I have just finished David Edmonds and John Eidinow's history of the 1972 world chess championship match in Reykjavik between Bobby Fischer and Boris Spassky, appropriately entitled "Bobby Fischer Goes To War".
It is hard not to feel slightly disturbed by Fischer, and that is being generous. Spassky emerges as a gentleman who acquiesces to most of the challenger's demands to simply allow the game to proceed, and who should really have walked out when, 2-0 down in the match, Fischer demanded to play the vital third game in a closed room. At times it is tempting to imagine that the Soviet report which concluded Fischer was a psychopath may even have had a grain of truth.
In between the obsession with Jews, Communists and religious mania, what was in Fischer's mind? Living in Germany in the 1980s he spent time with the German grandmaster Michael Bezold, who states:
"He was obsessed with a game in the 1960s, and the question was whether or not to move the pawn to h6. This was the only question. And he said he'd been analysing this game for more than thirty years, and he couldn't figure out whether its better to play h6 or not. It was fantastic."
Anyone who has ever been fanatical about anything will either recognise themselves in that quote, or be blown away by its intensity.

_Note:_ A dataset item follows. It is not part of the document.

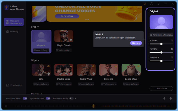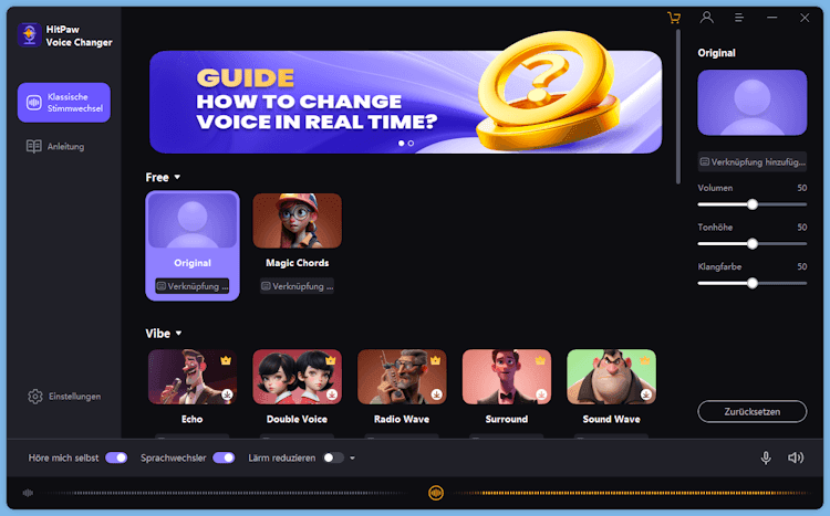Echo- und Rauschunterdrückung: Der Voice Changer bietet die Funktion, störende Hintergrundgeräusche wie Echo und Rauschen zu entfernen, um eine klarere und professionellere Klangqualität zu gewährleisten.

Edmonds and Eidinow were able to find to assemble a remarkable series of interviews for their study, from Cold War warriors such as Henry Kissinger to Spassky himself. Perhaps not surprisingly they did not obtain one with Fischer himself, who died this year, an exile from the United States. The first in what may be a series of new biographies, by Frank Brady, is scheduled to appear early next year. Whether this work will build on Edmonds and Eidinow's research into Fischer's family background (which interestingly was both Jewish and Communist!) remains to be seen.